Heartworm Resistance Update September 2011

There’s more than one resistant heartworm isolate.


In “Time to Step It Up” (WDJ July 2011), we described one small study that showed only Advantage Multi was 100 percent effective against the MP3 strain of resistant heartworms after a single dose. The report was true as far as it went, but new points have emerged that make this a more complex story and one for which we do not have all the answers yet.

The MP3 heartworm strain was isolated from a dog in Georgia in 2006 and kept in the laboratory for study, but has apparently not been found outside the lab since. More recently, studies have identified additional heartworm isolates with “reduced susceptibility” (the term researchers prefer to “resistance”) in the lab to heartworm preventives. These strains were taken from dogs in the Mississippi Valley region who developed heartworm infections despite being on monthly preventives. Unpublished laboratory studies show that none of the existing heartworm preventive medications, including Advantage Multi, were 100 percent effective against these isolates.

It’s important to emphasize that all of the heartworm preventives are still effective against most heartworms, even those from potentially resistant strains.

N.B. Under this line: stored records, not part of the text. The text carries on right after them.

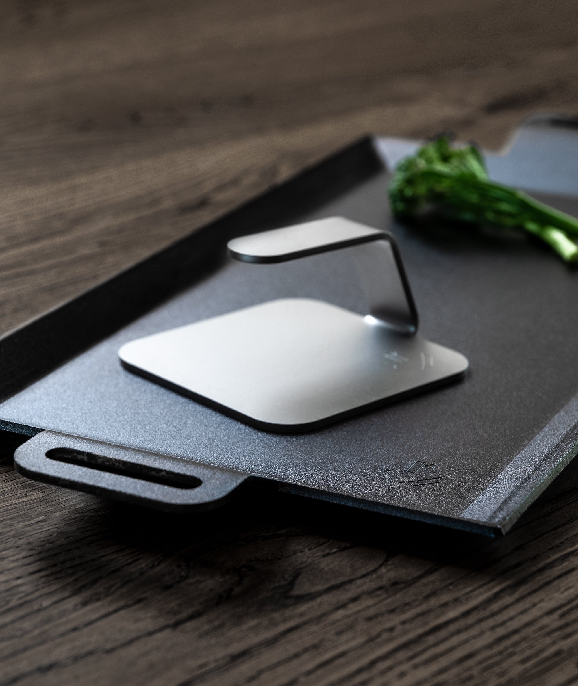 Unsere Smasher/Grillpresse aus Edelstahl ist perfekt auf unsere Grillplatte aus Kohlenstoffstahl abgestimmt und erhöht den Kontakt zwischen Ihren Zutaten und der Kochfläche – was perfekte Ergebnisse garantiert, egal ob Sie Smash-Burger, perfekt flachen Speck oder Toasties zubereiten.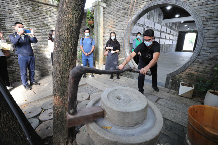 外國友人在客家婆景區石磨文化長廊參觀,并體驗石磨的樂趣。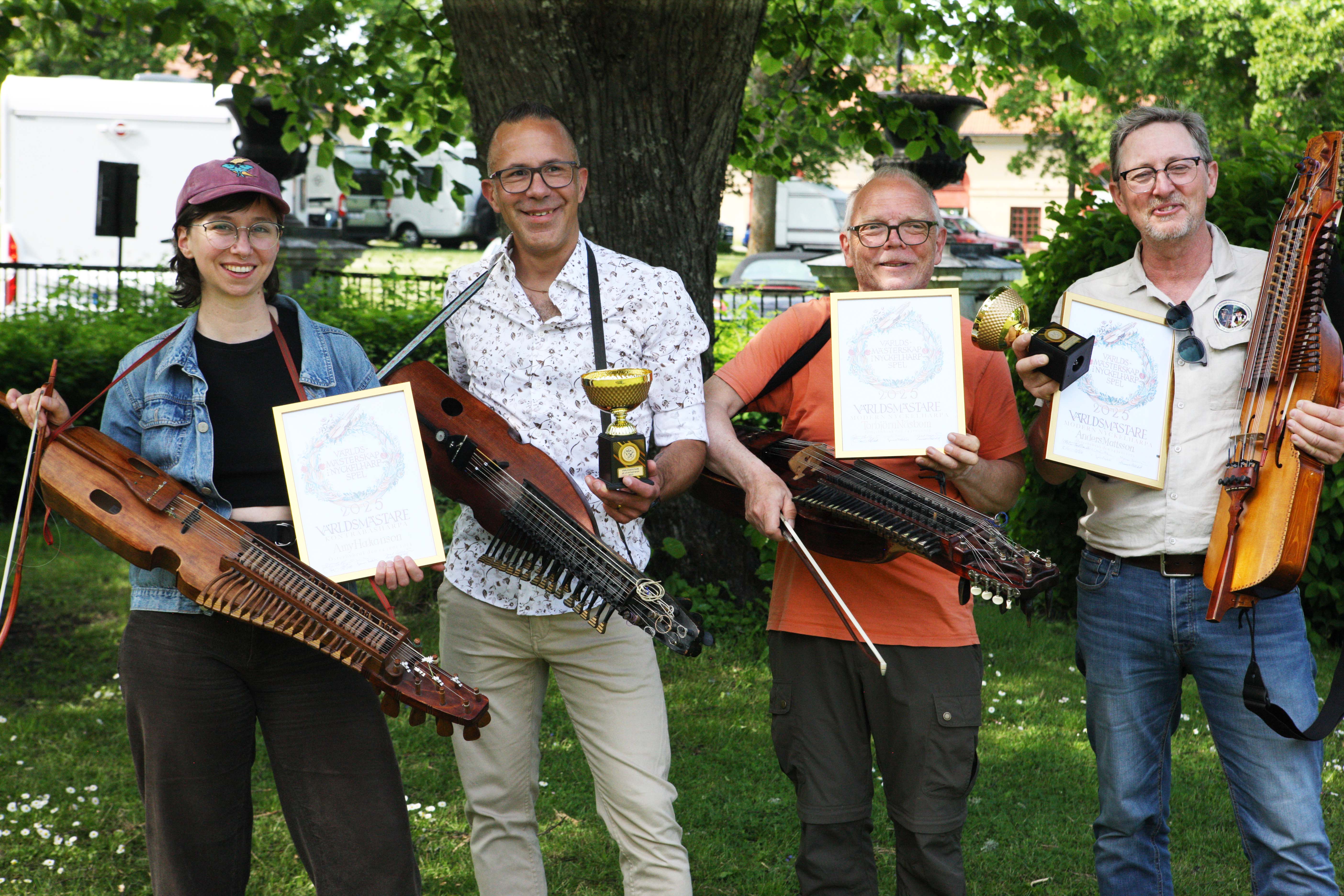 Världsmästarna i spel på nyckelöharpa, 2025. Ami Hakansson, Kristofer Suha Pettersson, Torbjörn Näsbom och Anders Mattsson OBS Lyssna på alla låtarna de framförde HÄR ![]() Vinnarlåtarna |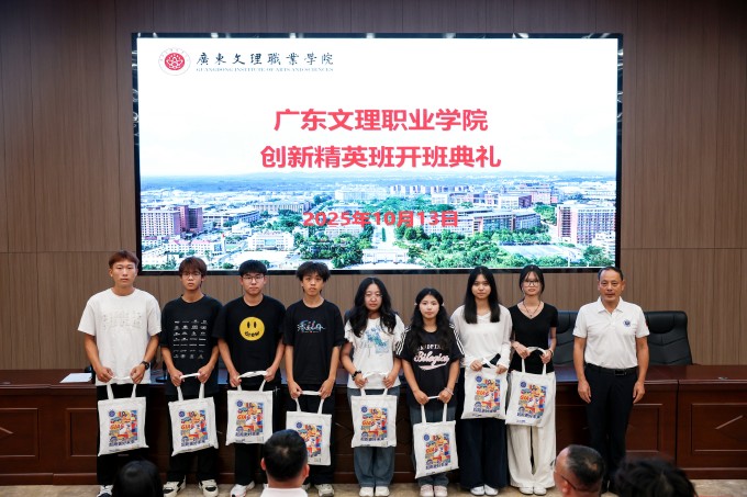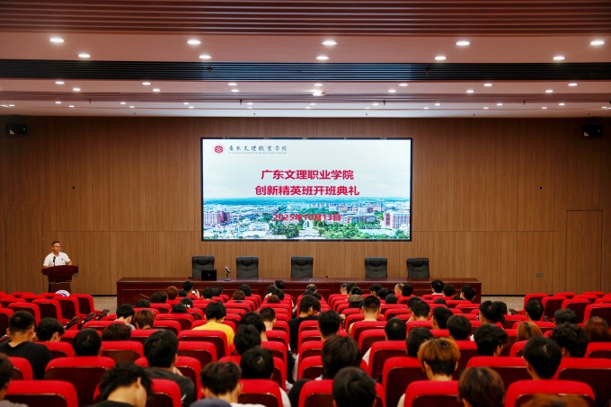 10月13日晚,广东文理职业学院2025级创新精英班开班典礼在第二教学楼学术报告厅举行。校长助理、科研与发展规划处处长张佐营,学生处处长袁远,招生就业指导中心主任林华威,教务处副处长林丽佳,招生就业指导中心综合科副科长黄江,创新精英班教师代表李观荣,各精英班辅导员及全体新生参加典礼。典礼由教务处处长黄桦主持。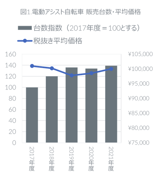 電動アシスト自転車の平均価格は上昇傾向にあり、2021年度の税抜き平均価格は100,001円と前年度から1%上昇した。特にホーム車、ミニサイクルの価格が上昇しており、ホーム車は104,177円と2%、ミニサイクルは92,450円と2%それぞれ前年度から上昇した。その結果、販売金額は前年比5%増と堅調であった。

In fact, further unpublished results from the MP3 study showed that all four of the heartworm preventives tested (Heartgard, Interceptor, Revolution, and Advantage Multi) were 100 percent effective against this strain after three consecutive monthly doses were given.

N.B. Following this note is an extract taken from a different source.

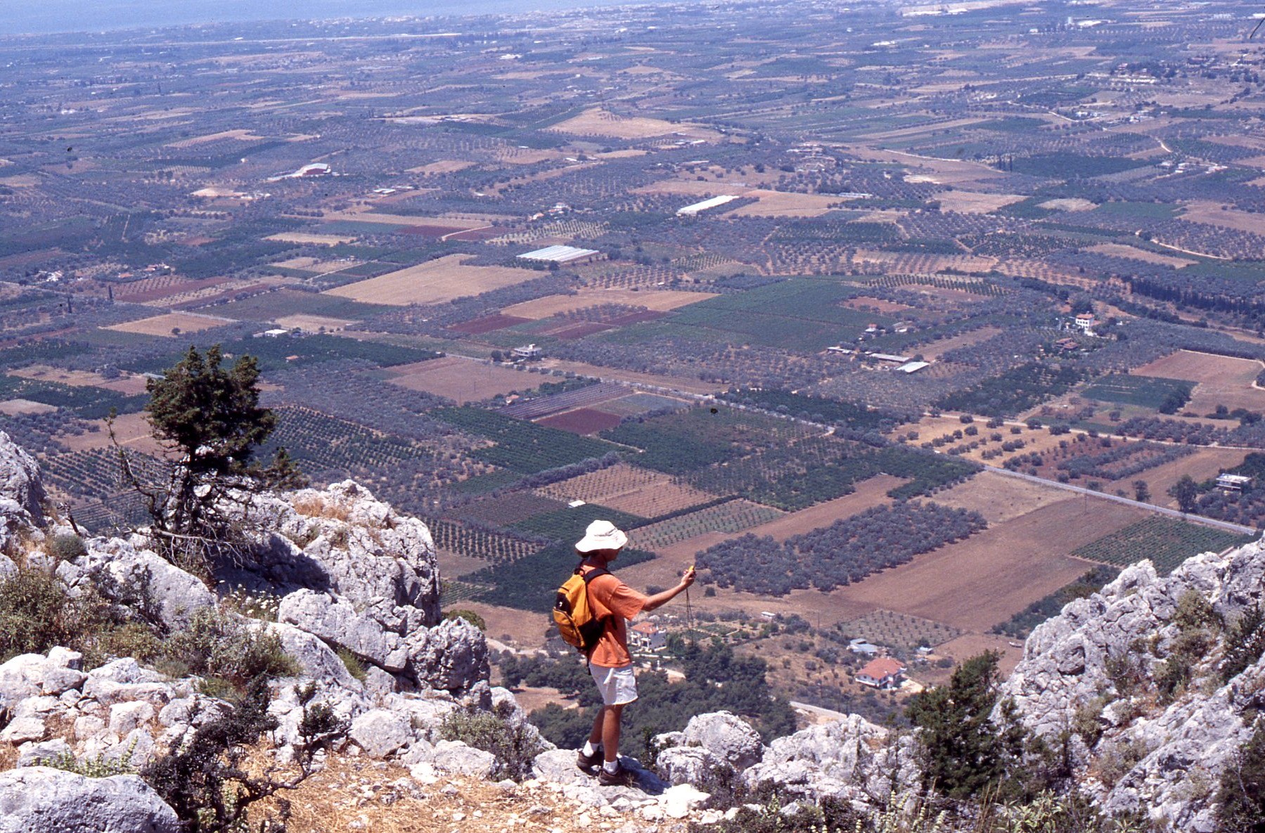 Field team at Vigla overlooking lowland pass to southern Corinthia

Heartworm resistance is not a reason to discontinue monthly heartworm preventives; in fact, the opposite is true. It’s more important than ever to give heartworm preventives year-round, and to have your dog tested for heartworm infection every year. Because it takes larvae about six months to mature into adult heartworms that can be detected by heartworm tests, the best time for testing is in the spring, six months after the start of cold weather (for those in warmer areas, testing can be done at any time).

Potential heartworm resistance is still believed to be geographically limited to the Mississippi Valley, from Missouri to Louisiana. As discussed in July’s article, those who live in this area may also want to consider giving heartworm preventives more often or at increased dosages, if their veterinarians agree that it is safe to do so.

– Mary Straus

For more information
Heartworms and Resistance: Truth or Fiction?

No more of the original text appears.